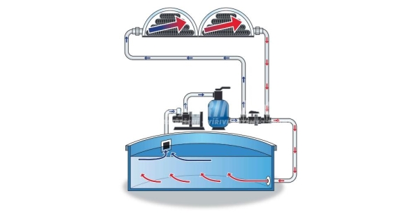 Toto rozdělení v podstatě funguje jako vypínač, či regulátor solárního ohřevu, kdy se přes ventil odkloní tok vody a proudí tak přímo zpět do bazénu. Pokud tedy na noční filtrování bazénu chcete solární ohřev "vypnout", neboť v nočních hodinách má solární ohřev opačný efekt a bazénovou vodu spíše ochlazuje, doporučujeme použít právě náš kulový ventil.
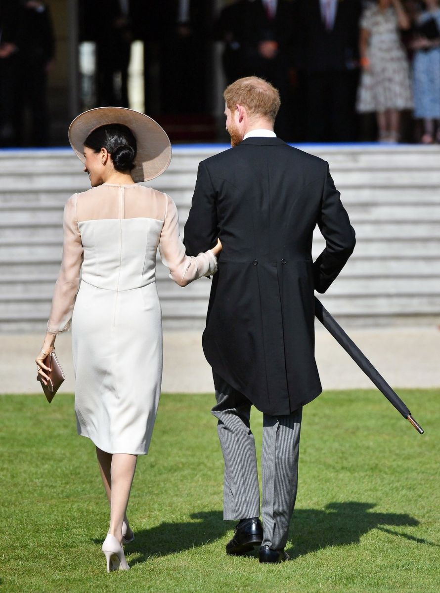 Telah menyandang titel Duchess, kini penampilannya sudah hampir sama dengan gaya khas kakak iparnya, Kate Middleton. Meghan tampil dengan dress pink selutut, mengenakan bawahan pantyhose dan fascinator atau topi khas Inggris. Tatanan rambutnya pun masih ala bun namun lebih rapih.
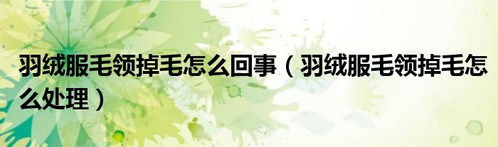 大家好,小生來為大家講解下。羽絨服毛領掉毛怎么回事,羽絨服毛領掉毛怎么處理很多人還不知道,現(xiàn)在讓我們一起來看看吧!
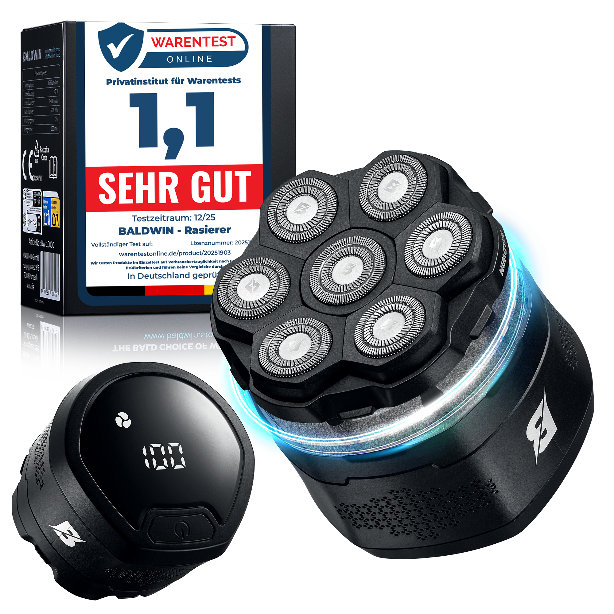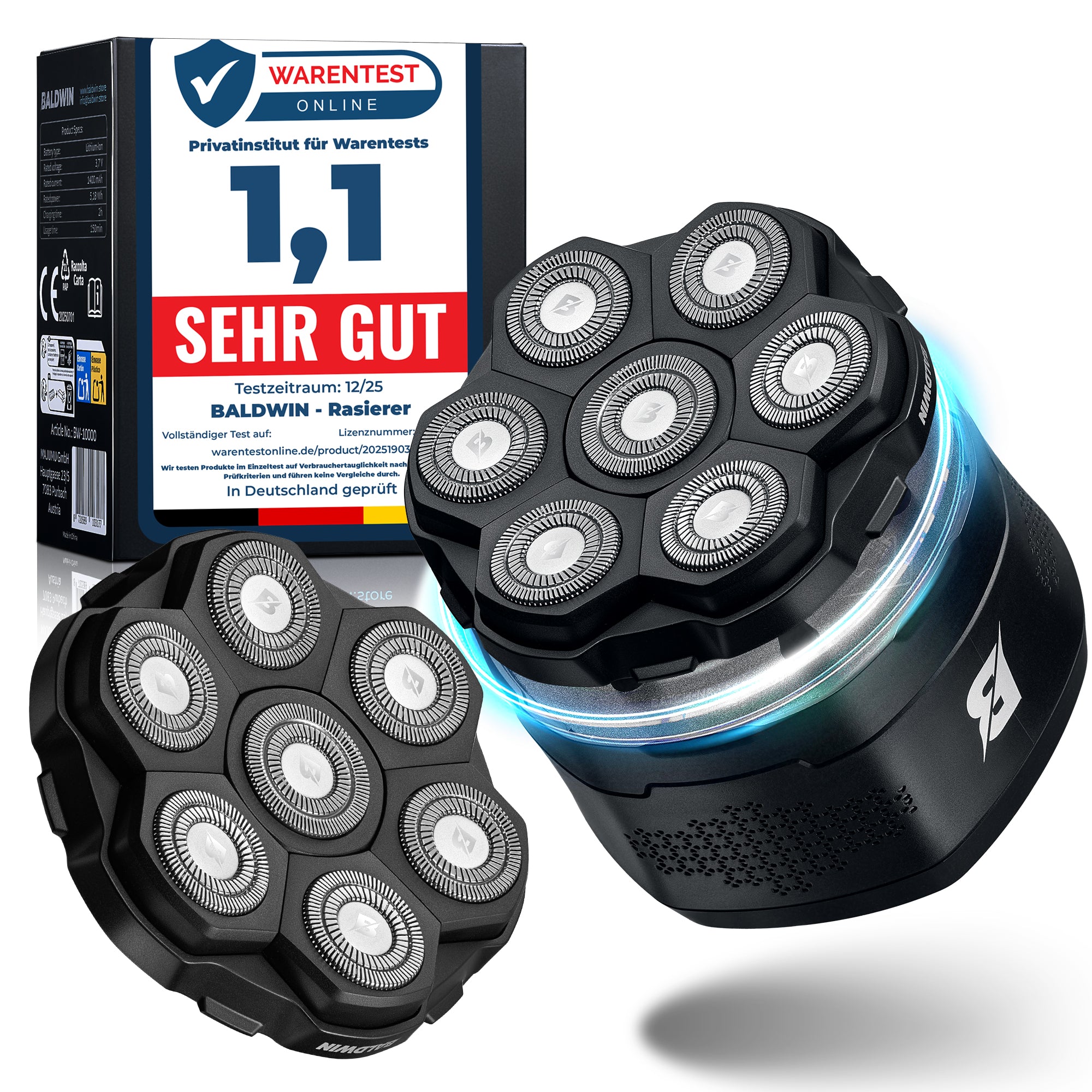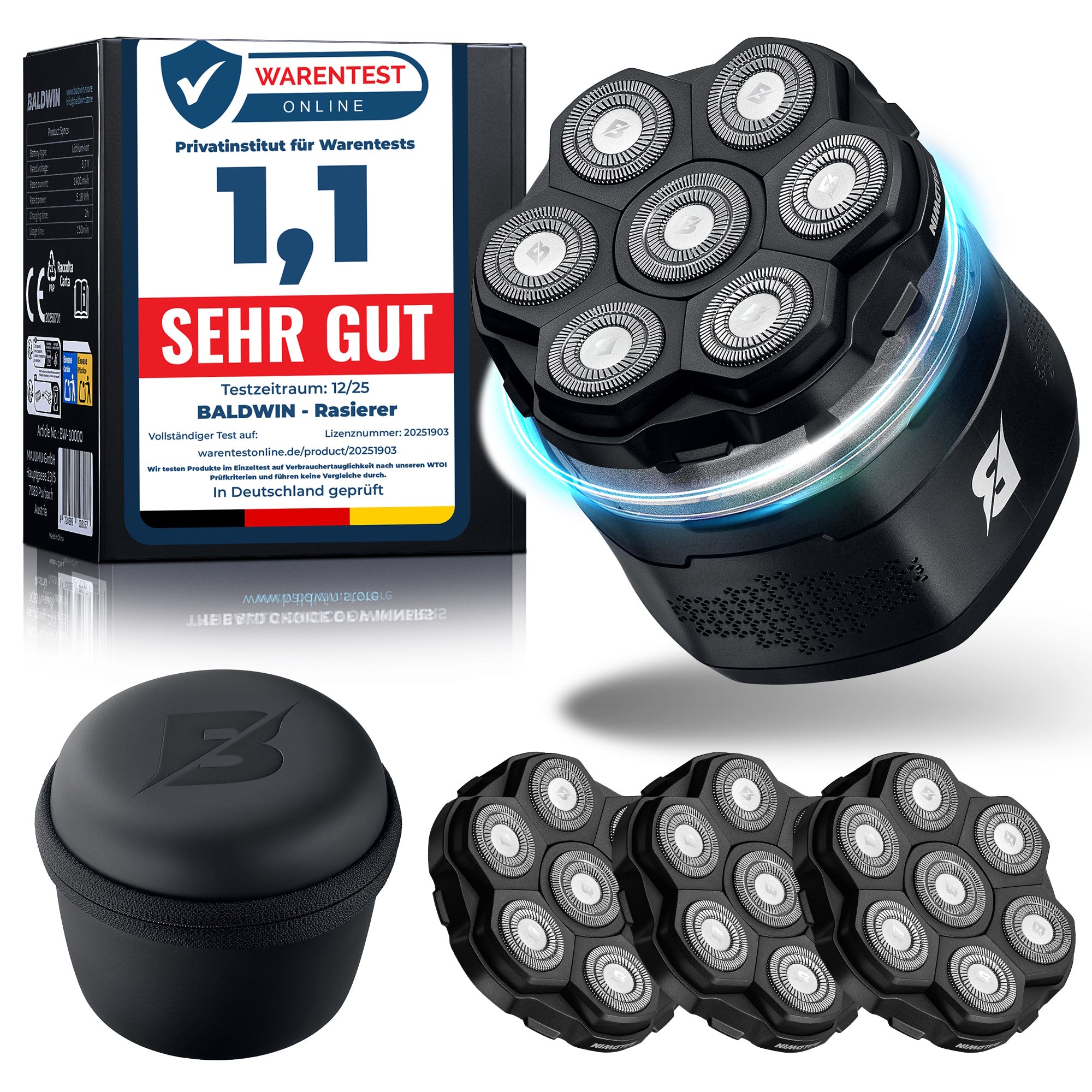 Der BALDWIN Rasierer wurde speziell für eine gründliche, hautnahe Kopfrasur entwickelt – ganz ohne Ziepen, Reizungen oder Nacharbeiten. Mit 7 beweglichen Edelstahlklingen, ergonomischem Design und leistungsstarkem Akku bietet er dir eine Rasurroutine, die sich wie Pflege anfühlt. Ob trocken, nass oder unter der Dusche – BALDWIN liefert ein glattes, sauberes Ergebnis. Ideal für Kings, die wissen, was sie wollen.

┄┄┄┄┄┄┄┄┄┄

• _ASSIGNMENT_: Would you give the material back exactly, minus the pictures?

• _EXERCISE SOLUTION_:
 Toto rozdělení v podstatě funguje jako vypínač, či regulátor solárního ohřevu, kdy se přes ventil odkloní tok vody a proudí tak přímo zpět do bazénu. Pokud tedy na noční filtrování bazénu chcete solární ohřev "vypnout", neboť v nočních hodinách má solární ohřev opačný efekt a bazénovou vodu spíše ochlazuje, doporučujeme použít právě náš kulový ventil.
 Telah menyandang titel Duchess, kini penampilannya sudah hampir sama dengan gaya khas kakak iparnya, Kate Middleton. Meghan tampil dengan dress pink selutut, mengenakan bawahan pantyhose dan fascinator atau topi khas Inggris. Tatanan rambutnya pun masih ala bun namun lebih rapih.
 大家好,小生來為大家講解下。羽絨服毛領掉毛怎么回事,羽絨服毛領掉毛怎么處理很多人還不知道,現(xiàn)在讓我們一起來看看吧!
 Der BALDWIN Rasierer wurde speziell für eine gründliche, hautnahe Kopfrasur entwickelt – ganz ohne Ziepen, Reizungen oder Nacharbeiten. Mit 7 beweglichen Edelstahlklingen, ergonomischem Design und leistungsstarkem Akku bietet er dir eine Rasurroutine, die sich wie Pflege anfühlt. Ob trocken, nass oder unter der Dusche – BALDWIN liefert ein glattes, sauberes Ergebnis. Ideal für Kings, die wissen, was sie wollen.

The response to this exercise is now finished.